Demenz ist eine immer häufiger auftretende Erkrankung, der Einfluss der Ernährung ist bisher noch nicht eindeutig geklärt. Vor allem in asiatischen Ländern ist der Einsatz des Gewürzes weit verbreitet: In einigen Regionen Chinas konsumieren fast ein Drittel aller Erwachsenen täglich scharfe Gerichte, aber auch in europäischen Ländern findet das scharfe Gewürz Verwendung.

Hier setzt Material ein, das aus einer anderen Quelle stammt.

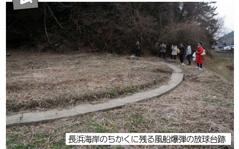
長浜海岸のちかくに残る風船爆弾の放球台跡
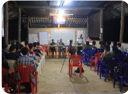
ကိရ်ရုဒ်ဒိဒ်တဖှ် ဟံအိတ်သကိး ဟုတ်ဂံဟုတ်ဘါ စာသွဲဒ်သီကွဲးတဖှ် (၂၀၂၃ နှ်)
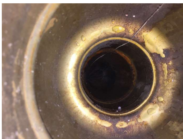
Afløb, hvor spildevandet fra olieseparatoren udledes.
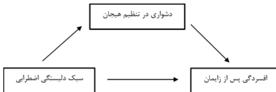
شکل ۱) مدل مفهومی پژوهش
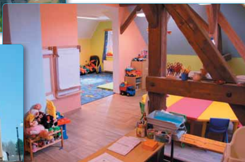
Zrekonstruované podkroví školní družiny slouží mj. jako zázemí Berušky

Objekty školní družiny a školní jídelny prošly rekonstrukcí
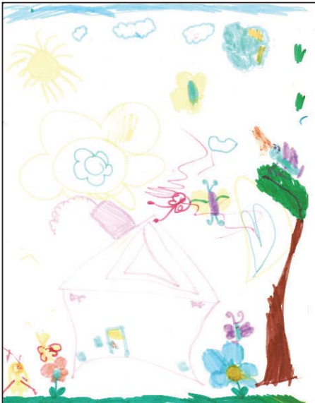
Teesha 6 years old
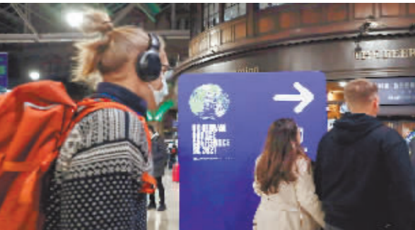
10月30日,在英国格拉斯哥中央火车站,人们从联合国气候变化大会的宣传板前走过。

2015年,《巴黎协定》在巴黎气候变化大会达成,并成为《联合国气候变化框架公约》下继《京都议定书》后第二份有法律约束力的气候协议,为2020年后全球应对气候变化行动做出安排。
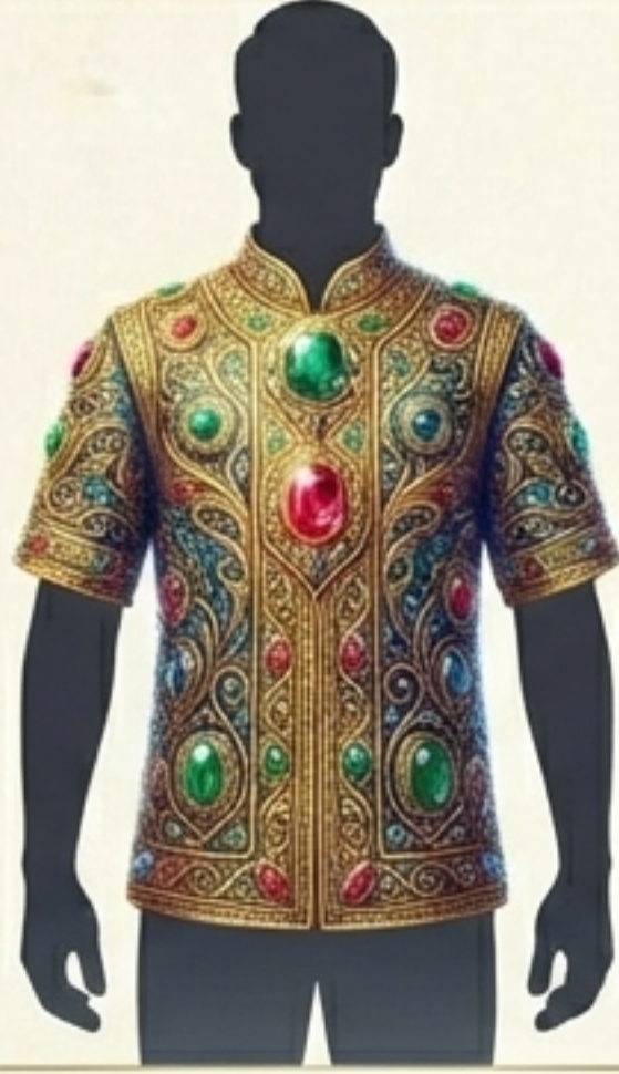
1. Giydirme (Kusursuz ve durağan vaziyet).

Nicht nur die Ernährung, auch die Einnahme bestimmter Medikamente steht im Verdacht das Demenz-Risiko zu erhöhen: Eine britische Fall-Kontrollstudie gab Hinweise darauf, dass die langfristige Einnahme von Anticholinergika ebenfalls das Risiko steigern könnte. Ein starker Hinweis auf den Zusammenhang liefert die Dosis-Wirkungsbeziehung: Mit steigernder Dosis und Einnahmezeit nahm die Zahl an entwickelten Demenzen zu: Während die Anzahl nach 90 standartisierten Tagesdosen (TSDD) noch deutlich geringer war, stieg sie nach mehr als 1095 TSDD – also einer Behandlungszeit von mehr als drei Jahren – deutlich an.

Bei einer Demenzerkrankung, werden nach und nach Nervenzellen im Gehirn zerstört, was zu einem Verlust der geistigen Fähigkeiten führt. Die Ursachen sind bis heute nicht vollständig geklärt. Das macht eine gezielte Prävention von Demenzerkrankungen besonders schwierig. Einige Faktoren können jedoch das Risiko mindern, an Demenz zu erkranken: Gesunde Ernährung, regelmäßige Bewegung, niedrige Cholesterinspiegel und ein gut eingestellter Blutdruck sind Faktoren, die selbst beeinflusst werden können und eine gute Basis liefern, nicht an Demenz zu erkranken. Ein ganz natürlicher Vorgang ist hingegen die Abnahme der Fähigkeit zur Bildung neuer Verknüpfungen zwischen den Nervenzellen mit zunehmendem Alter.